Tuesday, November 20, 2012

[SLAP!] Thanks, I Needed That

I recently began reading a book by Brennan Manning, The Signature of Jesus. I have really benefited from everything I've ever read by Manning (especially The Ragamuffin Gospel, from which I will surely be quoting in this space sometime in the future) and what I've read so far in this book has certainly not disappointed.

Especially moving is this note that was found in the office of a young pastor in Zimbabwe, Africa...following his death...a death caused because the young man believed in Jesus.



I'm part of the fellowship of the unashamed. I have the Holy Spirit's power. The die has been cast. I have stepped over the line. The decision has been made - I'm a disciple of his. I won't look back, let up, slow down, back away, or be still. My past is redeemed, my present makes sense, my future is secure.

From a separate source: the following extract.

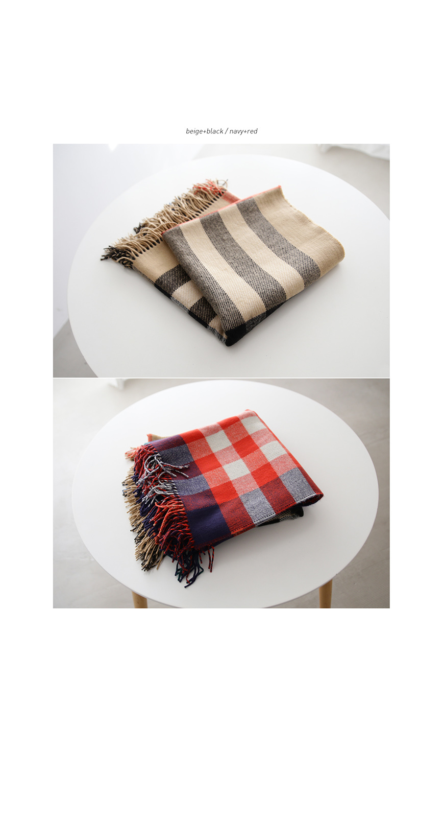 체크패턴이 포인트 되어주면서 끝단엔 프린지 마감으로

I'm finished and done with low living, sight walking, smooth knees, colorless dreams, tamed visions, worldly talking, cheap giving, and dwarfed goals.

I no longer need preeminence, prosperity, position, promotions, plaudits, or popularity. I don't have to be right, first, tops, recognized, praised, regarded, or rewarded. I now live by faith, lean in his presence, walk by patience, am uplifted by prayer, and I labor with power.

My face is set, my gait is fast, my goal is heaven, my road is narrow, my way rough, my companions are few, my Guide reliable, my mission clear. I cannot be bought, compromised, detoured, lured away, turned back, deluded, or delayed. I will not flinch in the face of sacrifice, hesitate in the presence of the enemy, pander at the pool of popularity, or meander in the maze of mediocrity.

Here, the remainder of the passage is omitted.